5 Uncommon, Yet Brilliant Ways Water Impacts Your Health
We all know we should drink water. We even know many of the common reasons why water is so important to our bodies. But water — and its role in the body — go even deeper and more complex than many of us know. Just take a look at these five uncommon, yet brilliant ways water impacts our health!
1. Water is essential for life, but not just for us humans. Life also includes the tiny tenants we carry with us everywhere, our microbiota (an assortment of various microorganisms that live inside us). Water is vital not only for their livelihood, but also for their functions that support our bodies. Did you know that in the spirit of mutual interest, they create metabolic byproducts such as short chain fatty acids that in turn stimulate water and sodium absorption in our bodies’ intestines, aiding whole body hydration? So keep hydrating because not only does your life, but the lives of trillions of organisms depend on it.
2. Water outside our bodies can have health benefits just like water inside our bodies has health benefits. For example, have you ever heard about the “mammalian dive reflex?”
This phenomenon is where water triggers an immediate response in lowering blood pressure.
In 1962, Per Scholander, a Swedish-born researcher working in the United States, gathered volunteers and instructed them to dive down into the bottom of a large water thank. Immediately their blood pressure dropped. He tried again, this time requesting that the volunteers strap themselves into exercise machines in the bottom of the tank, hold their breath, and work out to see if their blood pressure would increase. The opposite happened; instead their blood pressure continued to decrease. Scholander called this the master switch, referencing an evolutionary adaptation to counteract asphyxia. Water activated this switch while diving in the test.
You can trigger this master switch simply by splashing your face with water. In addition to lowering blood pressure, this will rush blood into your vital organs, which is why when you splash cold water on your face you feel more alert.
3. Do you suffer constant battles with allergies? Grab a glass of water (or a couple as a matter of fact). When our bodies undergo mild dehydration our hypothalamus releases histamine. Histamines are compounds that are a normal part of our bodies’ allergic response, and they are most well-known in association with the sneezing, itching, red noses, and watery eyes of seasonal allergies. When levels of histamines get too high you experience allergy-like symptoms.
Drinking water, and eliminating dehydration, can reduce histamine released in the body — and may help your allergy-like symptoms.
4. Water provides structure integrity in our bodies, from absorbing damage to vital organs such as our brain to other more recently studied functions such as the role it plays in the fibroblasts cells. These cells lay the foundation for all connective tissue in the body, eye cornea, heart valves, cartilage, ligaments and so forth (it’s a long list). Water plays a role in holding our body together! One connective tissue we are learning more about holding great promise to treat various physical dysfunctions is the fascia, which is Greek for “band.” In the words of Tom Myers from Anatomy Trains:
“Fascia is the biological fabric that holds us together. You are about 70 trillion cells all humming in relative harmony; fascia is the 3-D spider web of fibrous, gluey, and wet proteins that hold them all together in their proper placement. How fascia works as a whole — our biomechanical regulatory system — is highly complex and under-studied. Understanding fascia is essential to the dance between stability and movement — crucial in high performance, central in recovery from injury and disability, and ever-present in our daily life from our embryological beginnings to the last breath we take.”

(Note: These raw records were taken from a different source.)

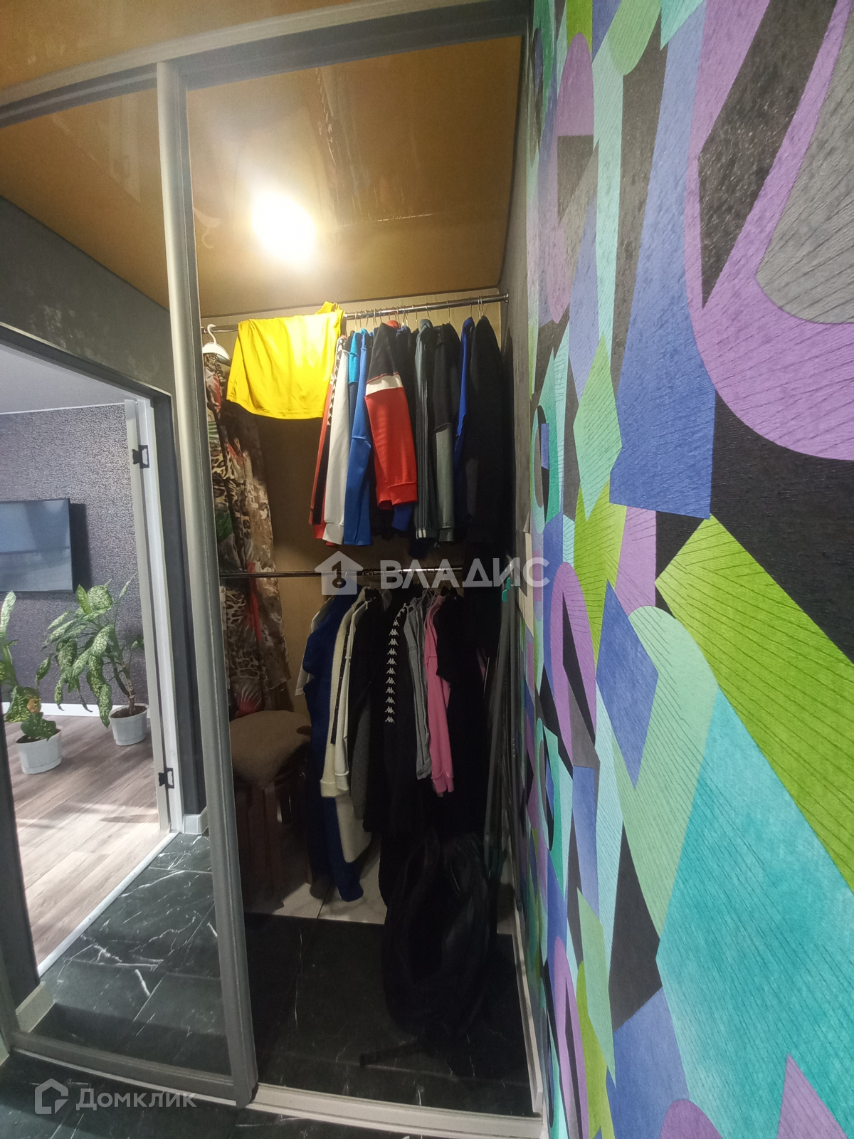 В квартире остается кухонный гарнитур и все встроенные шкафы.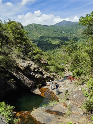 At this height, LingFeng stream joins a catch water. If you wish, you could leave here. Before reaching the catch water, you will face a firm rock cliff blocking your way. You may try the slope of loose rocks on your left to get through this.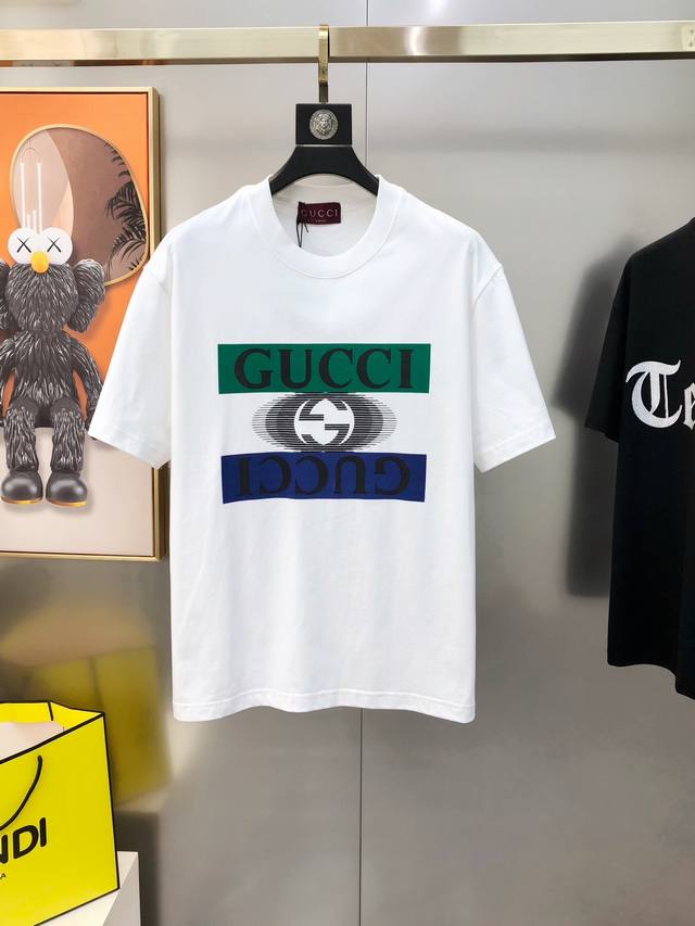 Gu25Ss Spring and Summer New Environmentally Friendly Knitted Cotton Round Neck Short Tee, Unisex Double Dragon Gg Lucky Cloud Pattern Printed Casual Short Sleeve T-shirt! The trading company channel is rare, leading the official website for sale! In this new year, let us take Lucky Cloud as wings and Double Dragon as soul, and welcome the arrival of good luck together!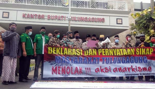 Koordinator aksi, Ahmad Mashuri mengungkapkan, bahwa deklarasi tolak aksi anarkisme yang dilakukan ini mengatasnamakan atas seluruh masyarakat Indonesia khususnya masyarakat Tulungagung.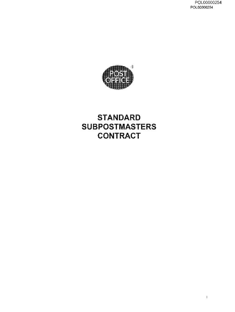POL00000254 POL00000254\" rPOL00000254 POL00000254CONTENTSPOL00000254 POL00000254POST OFFICE LIMITED SECTION 1 SUB POSTMASTERS CONTRACT AND STATUS CONTRACT 1The contract is a contract for services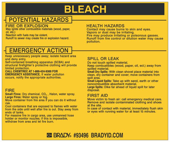 Provide workers with all of the chemical information needed for hazardous materials they may encounter. Brady™ Hazardous Material Labels are made of vinyl and display text in black on yellow.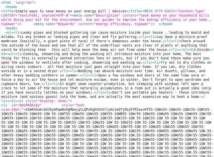The HTML is gzip compressed in Wireshark's TCP stream, so we'll have to extract it from the pcap using: File --> Export Object --> HTTP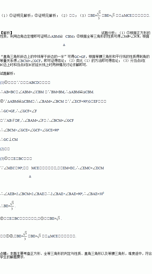 (1)如图1,当点E在BC边上时.求证:①△ABM≌△CBM;②CG⊥CM.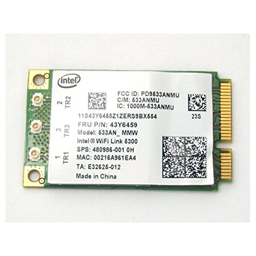 The Intel® Ultimate N WiFi Link 5300 Series is a family of IEEE 802.11a/b/g/Draft-N1 wireless network adapters that operate in both the 2.4 GHz and 5.0 GHz spectra. These adapters deliver up to 450 Mbps of bandwidth2; in addition to providing a host of features that enhance today's mobile lifestyle. Features: Up to 450 Mbps of bandwidth2 Advanced security via 802.11i Up to 2x greater range2 Easy-to-use Intel® PROSet v12.0 WLAN Software4 IEEE 802.11a/b/g and Draft-N1 compliant Support for Cisco Compatible Extensions* v4 Wireless support for Intel® Active Management Technology Performance-optimized with Connect with Intel® Centrino® processor technology certified Access Points Compatibility: R400, R500 SL400, SL500 T400, T500 W500, W700, W700ds X200, X200s, X200 Tablet X301 Y550, Y650 Package includes: 1 X Intel 5300
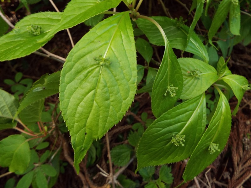 *何の花か分かりませんが、ハナイカダでもヒョウタンボクの仲間でもないと思います。ハナイカダは葉の真ん中に花(雄あるいは雌)が付くし、ヒョウタンボクの仲間は葉に大きな鋸歯はないようなので。
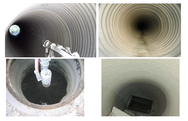 离心喷涂修复技术是使用高速旋喷器产生的离心力将调配好的内衬浆料均匀、连续的浇筑到待修复检查井、管道内壁,同时通过机器人安装携带旋喷器在管内往复移动,从而在管壁形成厚度均匀连续的内衬。离心喷涂工艺可实现完全自动化,操作相对简单;全自动离心浇筑,无需人员进入,不受井深影响,安全高效。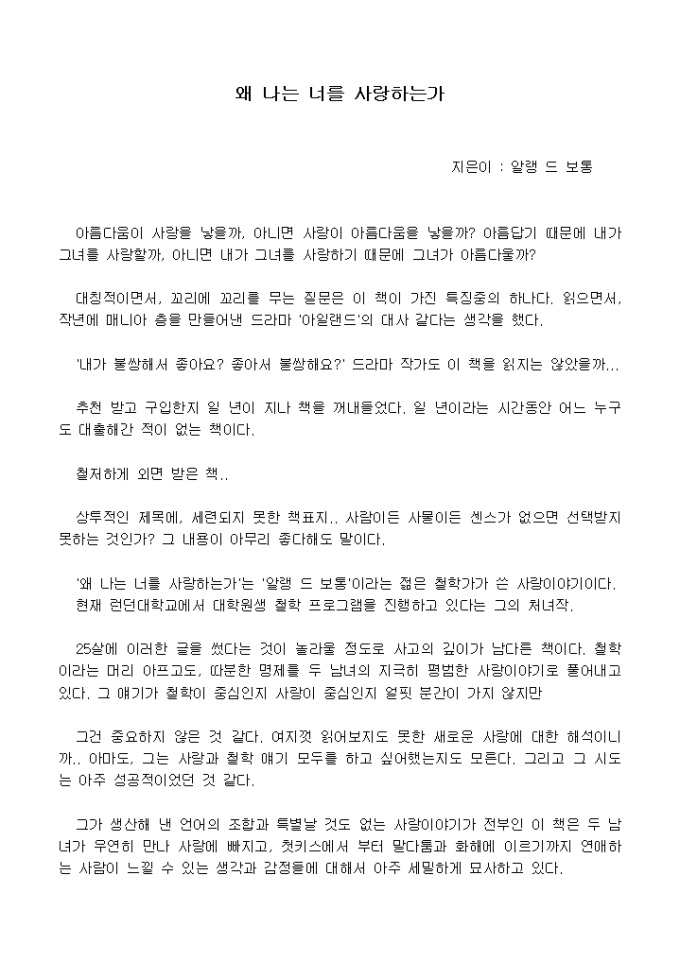 [독후감]왜 나는 너를 사랑하는가_알랭 드 보통 지음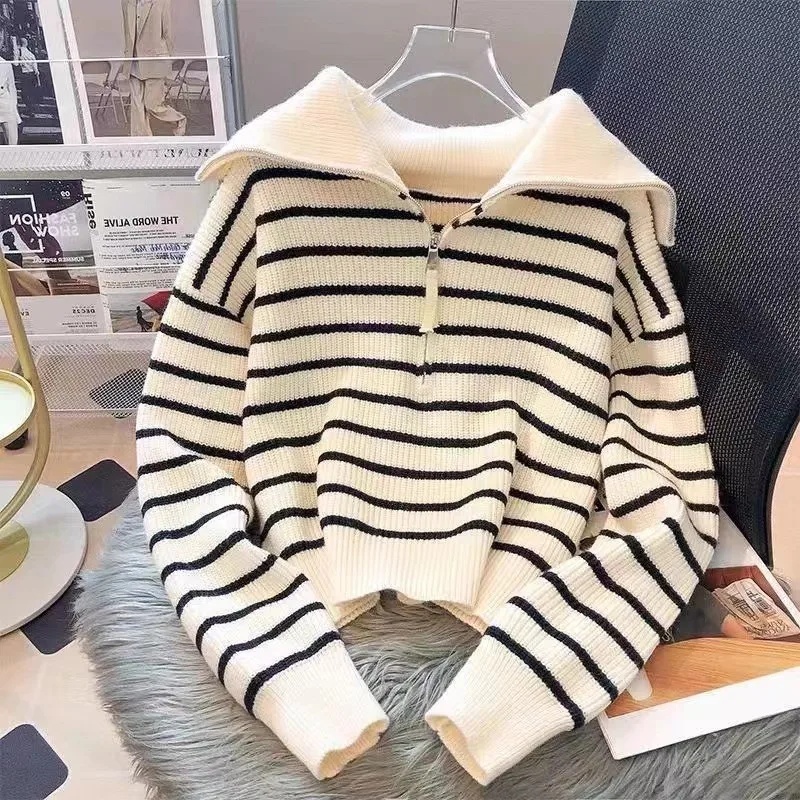 Plongez dans un style marin empreint d'élégance et de modernité avec notre pull marin rayé à col zippé pour femme, disponible en noir ou en beige à rayures. Conçu pour être votre allié de choix lors des journées de mi-saison, notre pull offre un équilibre parfait entre confort et allure sophistiquée.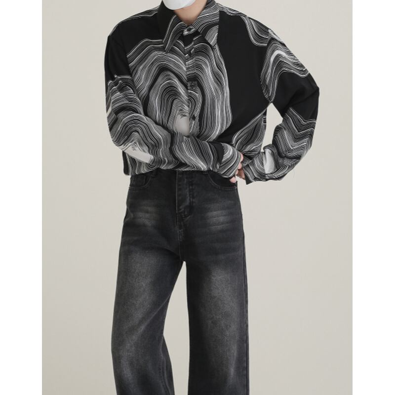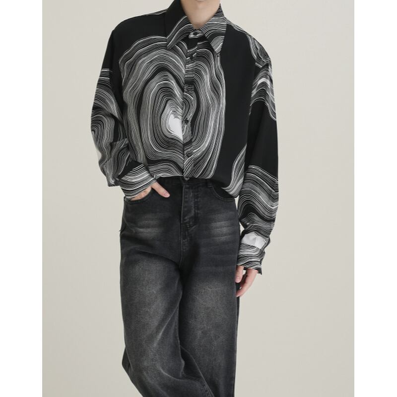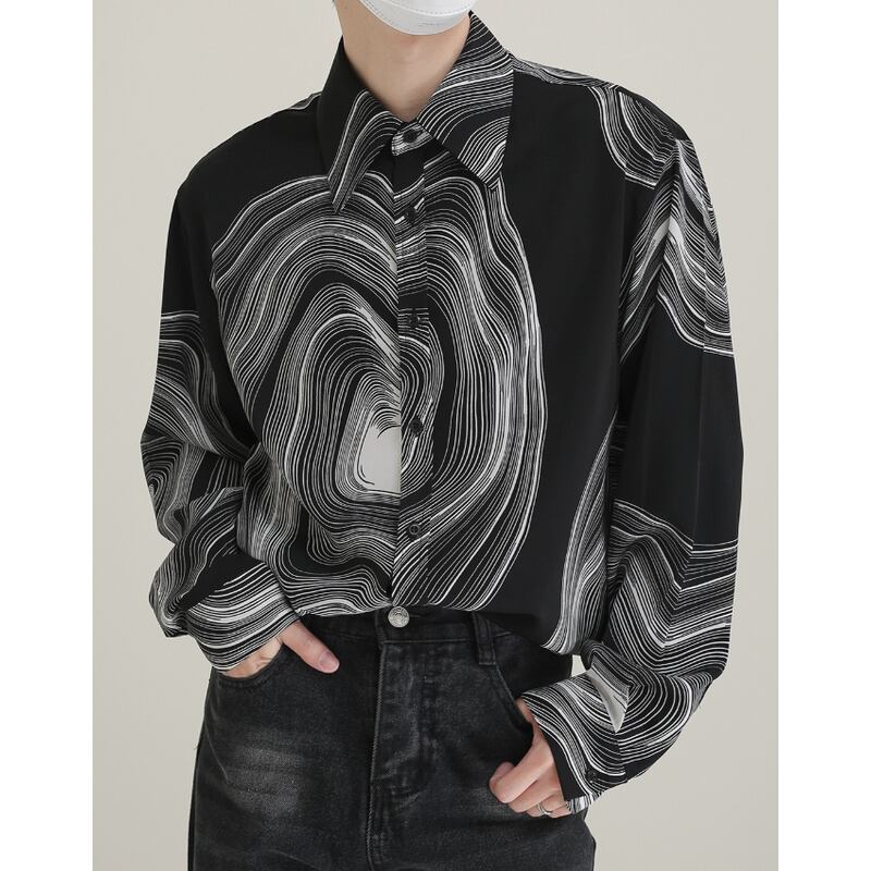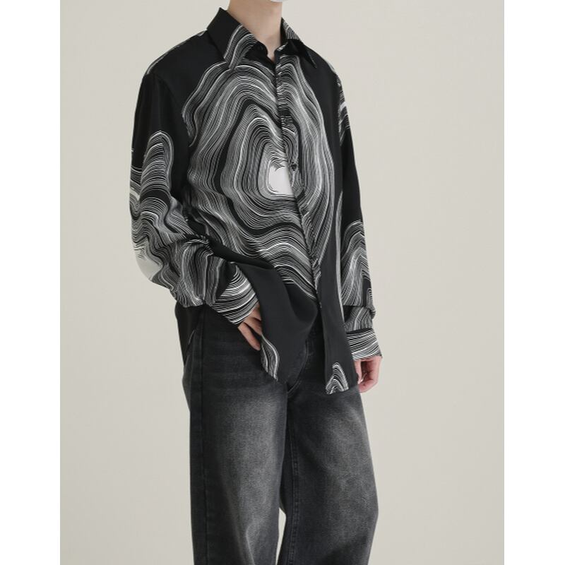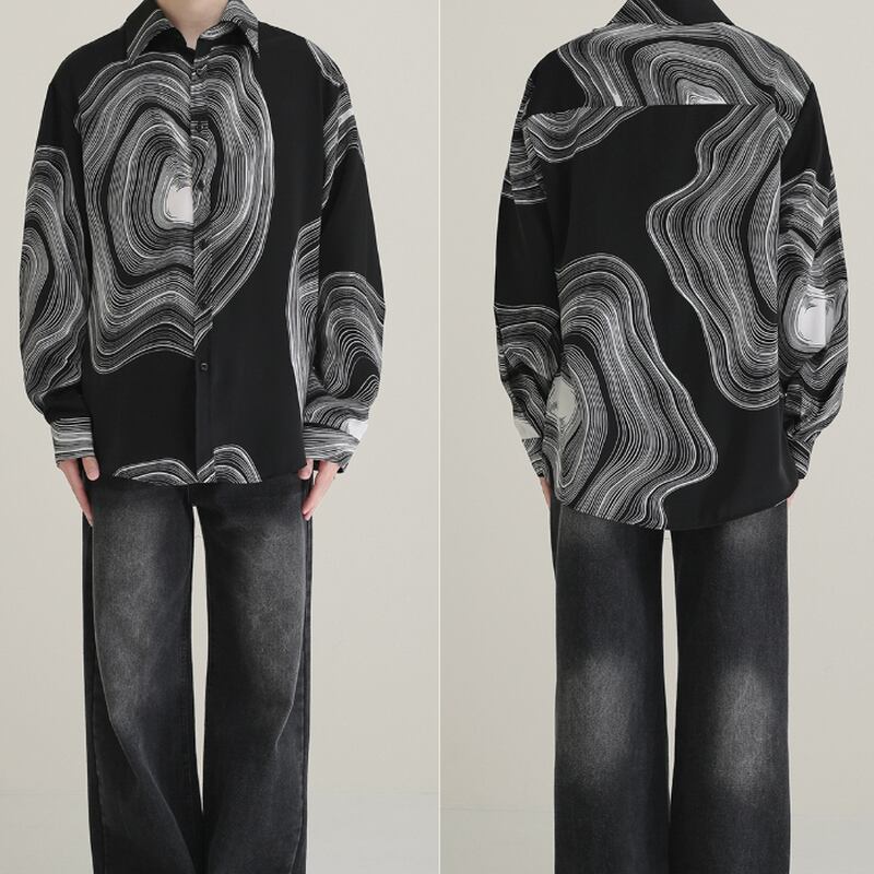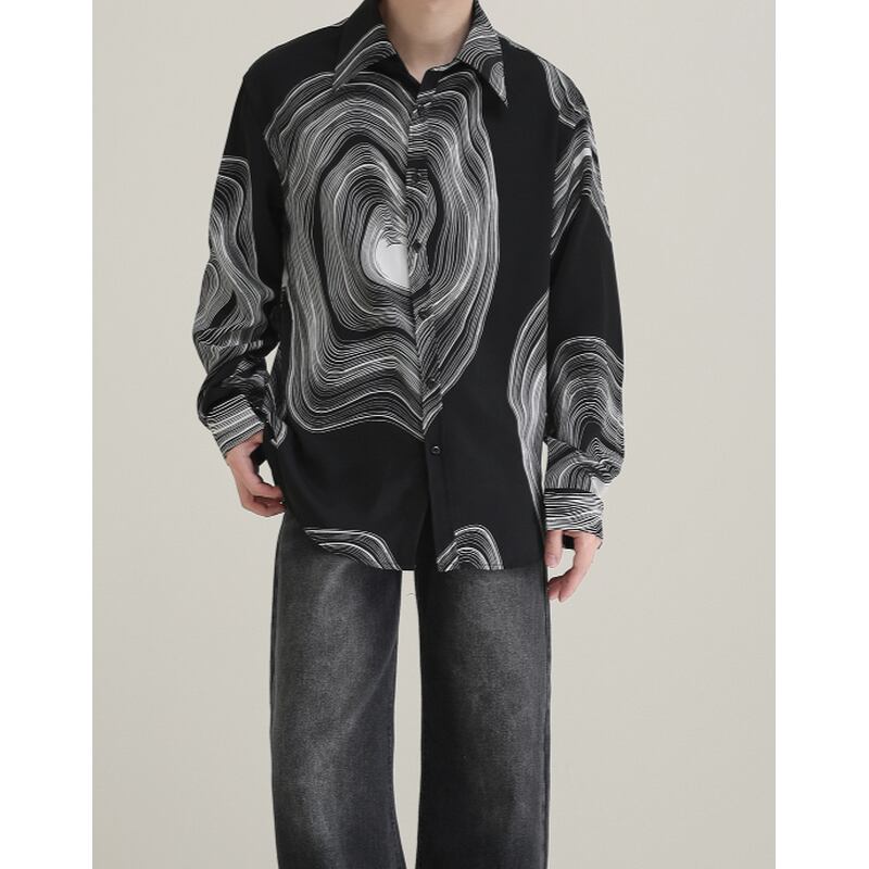 abstract pattern long sleeve shirt - wide silhouette mr0149

How important is the fascia? The fascia has its very own independent vascular network — bonghan ducts — which communicates throughout the whole body. Water enriches fascia arranged as liquid crystals, and it is essential for the structure of this system. That, my friends, is one of the marvels of life and we are just scratching the surface.
5. Gerald Pollack who runs a laboratory out of the University of Washington, proposes a very unique function of water. It has the possibility to act like a battery across cellular membranes being “charged” by the sun — both by the heat it emits and the light wavelengths that promote water structure in the cells of body. This is what Dr. Pollack calls exclusive zones (EZ); he challenges the view of water as simply a suspension medium where proteins, enzymes and all other molecules simply float and use water as a means of transports. It does play those roles, but it plays even more vital roles.
“To understand biology we need to understand water, otherwise we will never truly and fully understand biology,” Pollack says. Water is not solely a passive medium in our bodies, but a metabolic reactant, product, catalyst, chaperone, messenger and controller. Water is essential for bimolecular recognition and orchestrates our cells’ machinery. An interesting current review has considered the versatility and adaptability of intracellular water in engaging in a wide range of cellular biochemistry.
We KNOW water is essential to life, but the properties, functions and extent to which that occurs are still widely unknown. We haven’t scratched the surface of how critical and widespread the role of water is in our health. It makes it seem so stupid to simply “forget” to drink water or be “too busy” to hydrate our bodies. Are you too busy to live?